In 1908, Proctor decided to combine the subjects of his two contrasting sculptural pieces, Panther and Fawn, into one composition he titled Panther with Kill. [Fig. 4] It revealed the bitter, raw truth of nature’s predator-prey relationship. A fawn has fallen victim to a mountain lion’s voracious appetite.10 It was a theme that Proctor chose to explore primarily for artistic reasons as it mirrored a work by the Frenchman Antoine-Louis Barye, one of his sculptural heroes from the mid-nineteenth century, Jaguar Devouring a Hare.10 [Fig.5] Proctor’s version, unlike that of his predecessor, was not popular. Panther with Kill was the ultimate and fatal pairing of deer and lion. Only two casts are known to exist today.
By Peter H. Hassrick
Endnotes
- “Phimister Proctor Is a True Natural Sculptor,” Sunday Inter Ocean (January 1, 1893).
- “To Fame in a Year,” Rocky Mountain News (October 15, 1893). This is probably the same plaster that Proctor had exhibited in New York that spring. See Fourteenth Exhibition of the Society of American Artists (New York: Society of American Artists, 1892), no. 172.
- “To Fame in a Year.” The model is presumed lost.
- The exception was the Panther.
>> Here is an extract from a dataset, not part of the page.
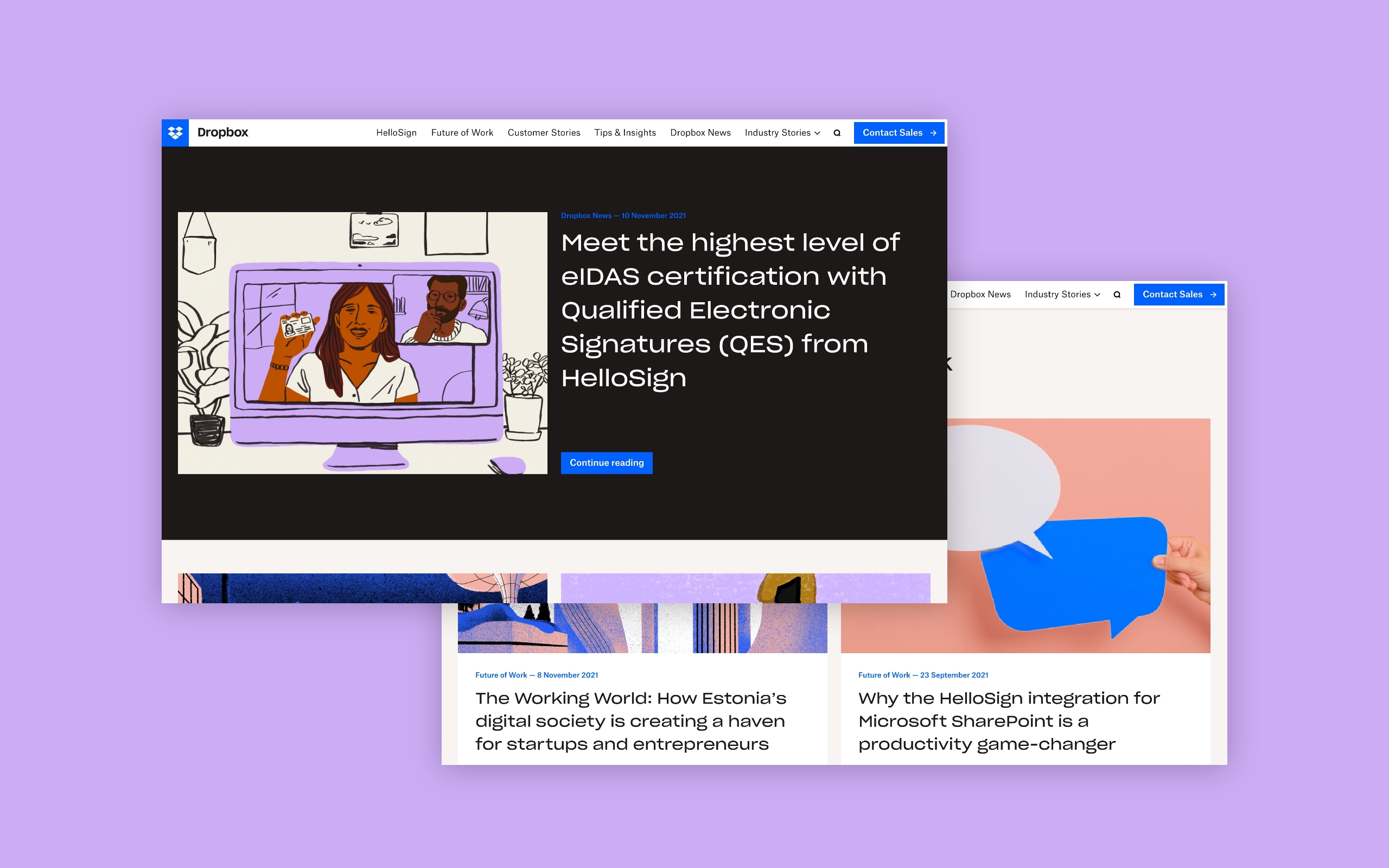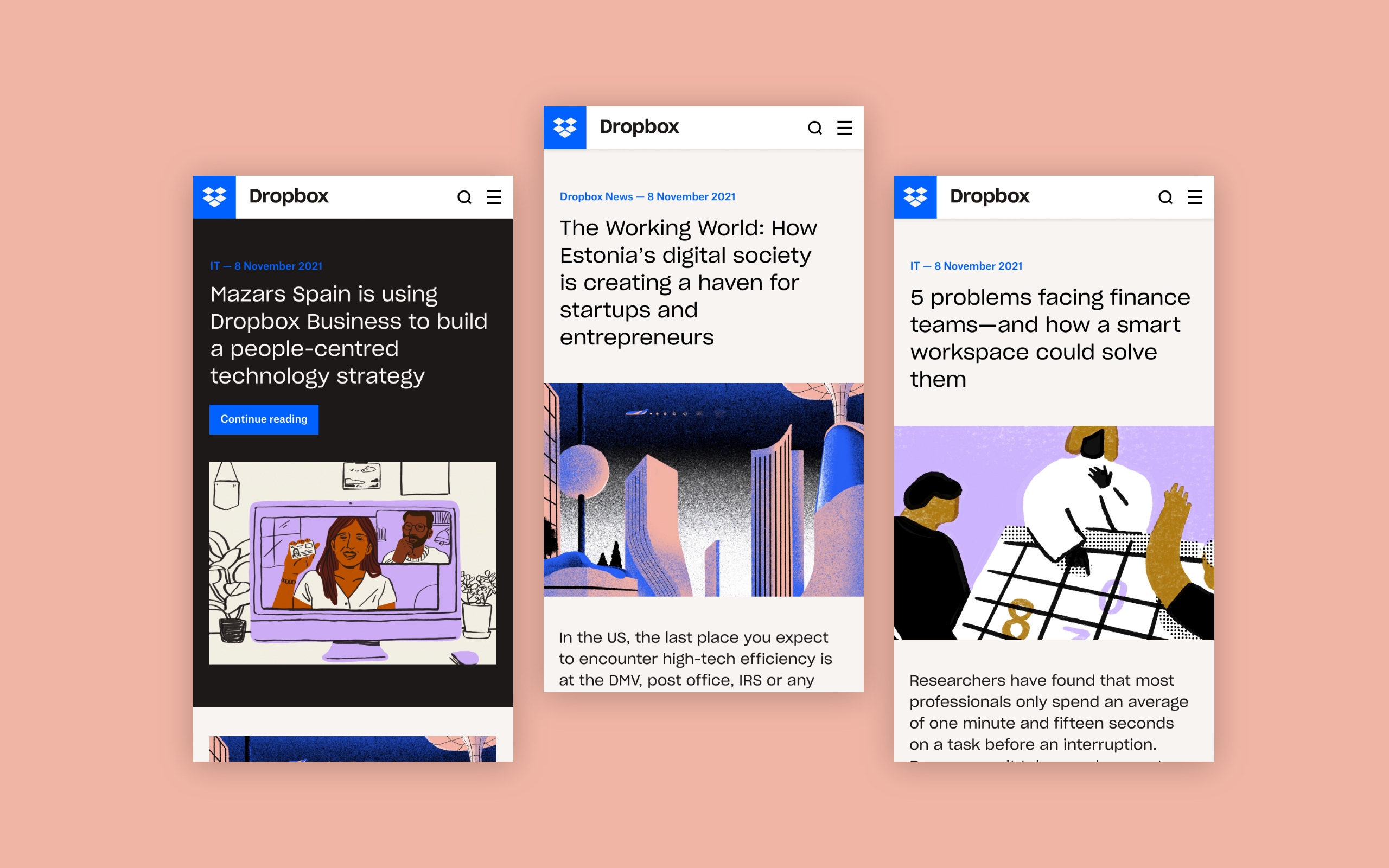 Each blog links to a suitable gated asset providing a logical next engagement – which we create and design – so that the blog also serves as a lead generation engine and an educational tool for Dropbox’s audience.

See, Sixteenth Annual Exhibition of the Society of American Artists (New York: Society of American Artists, 1894), no. 313. He had exhibited three animal sculptures at the Chicago World’s Fair in 1893, but not a Fawn. See World’s Columbian Exposition, 1893, Official Catalogue: Fine Arts (Chicago: W. B. Gonkey Company, 1893), nos. 100a – 100c.
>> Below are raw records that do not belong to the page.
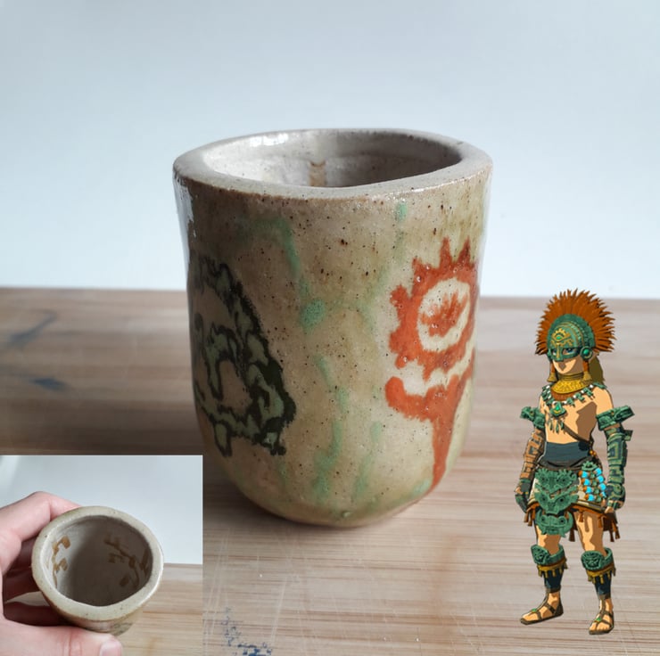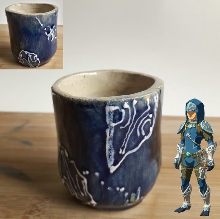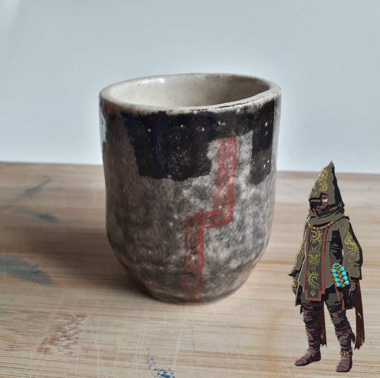 For sale is a ceramic cup, inspired by the armour from one of my favourite games, Tears of the Kingdom. Each cup draws inspiration from the different garments in the game: the mystic armour and accompanying blupee; the armour of the feathered Rito; the aquatic Zora; the gloomy armour of the Depths; and the luminous green and red of the Zonai. When ordering, please specify which cup you would like in the notes section or just message me :-)
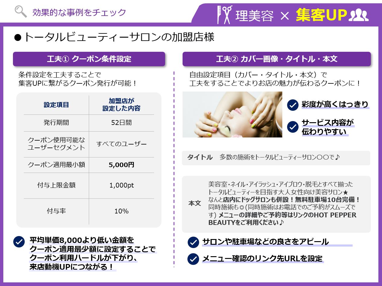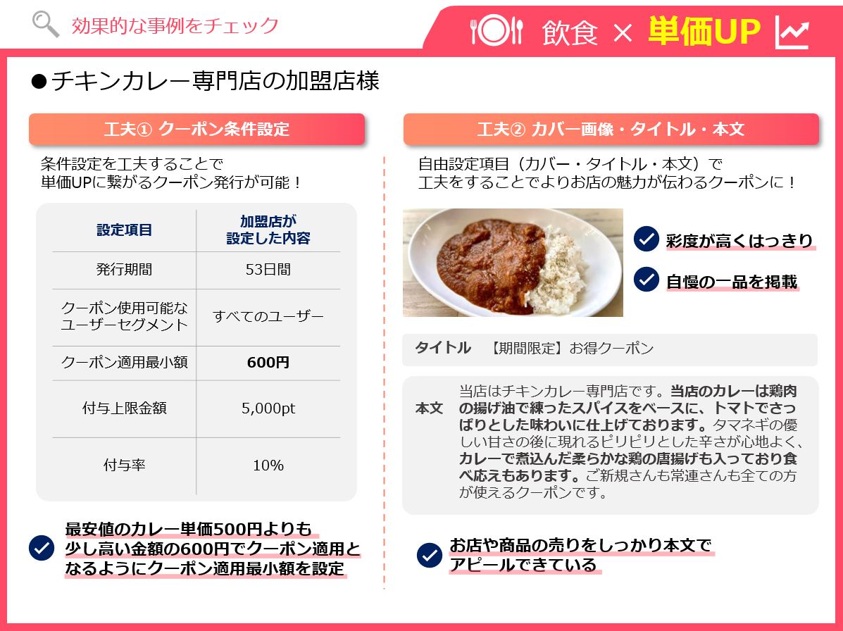 付与率が20%など高くて期間が2週間と短いクーポンより、付与率が5%と抑えめでも期間が1カ月と長いほうが効果が出ています。
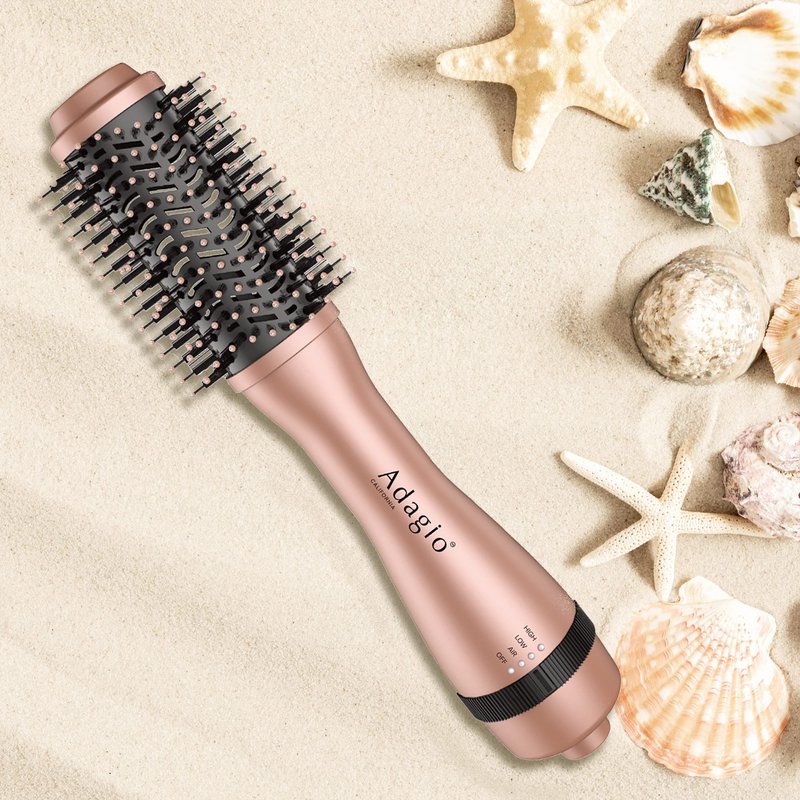 Adagio California Blowout Brush: 2-in-1 Hot Air Brush Styler and Dryer - Negative Ion Round Brush - Hair Dryer Brush with Straightener Function - Hair Styling Tools for Women… (2-inch, Rose Gold)
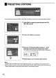 ~ PRESETTING STATIONS Up to 6 stations for each band [FM1, FM2, FM3, and AM] can be stored on the preset station buttons. 1 Press BAND to select the desired band from FM1, FM2, FM3, and AM. z Tune in the station to be preset. a Press one of the preset station buttons (1 - 6) for more than 2 seconds until a beep tone is heard. The number of the pressed preset station button is displayed. m [ w J 4 Repeat steps 2 and 3 to preset other stations.
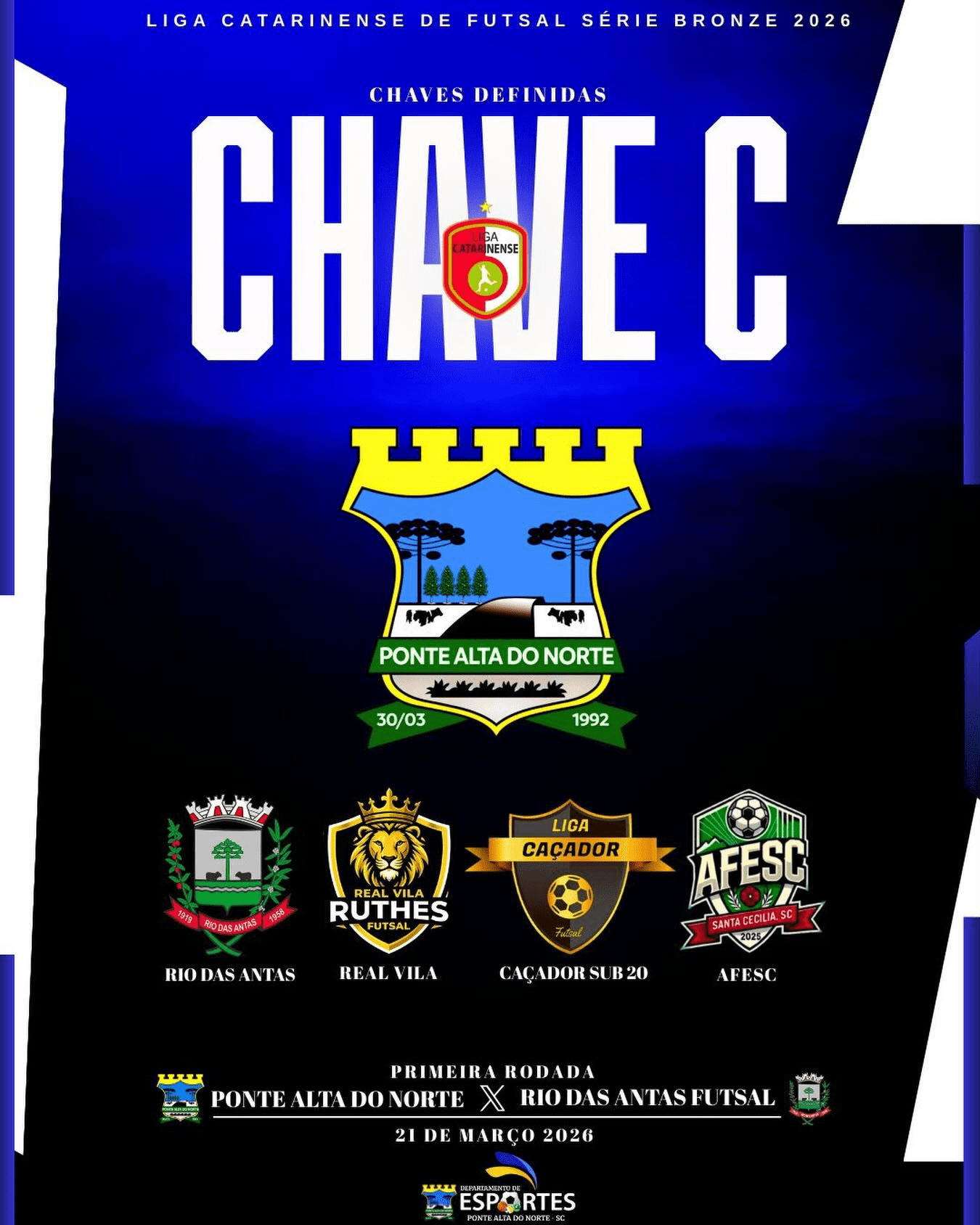A estreia de Ponte Alta do Norte já tem data marcada para dia 21 de março, contra a equipe de Rio das Antas, em um duelo que abre oficialmente a nova caminhada do município no futsal estadual.

- Official Illustrated Catalogue: Fine Arts Exhibit, United States of America, Paris Exposition of 1900 (Boston: Noyes, Platt & Company, 1900), nos. 43 – 50.
- Pan-American Exposition: Catalogue of the Exhibition of Fine Arts (Buffalo: n.p., 1901), no. 1638.
- Official Catalogue of the Department of Fine Arts, Panama-Pacific International Exposition (San Francisco: Wahlgreen Company, 1915), no. 3531.
- See Catalogue of Contemporary American Sculpture (Buffalo: Buffalo Fine Arts Academy, 1916), no. 616; and Catalogue of the Twenty-Ninth Annual Exhibition of American Oil Paintings and Sculpture (Chicago: Art Institute of Chicago, 1916), no. 871.
- Small Bronzes by A. Phimister Proctor (Chicago: Art Institute of Chicago, 1916), nos. 11 and 22.
- I am grateful to Adam Duncan Harris of the National Museum of Wildlife Art in Jackson, Wyoming, for bringing this connection to my attention.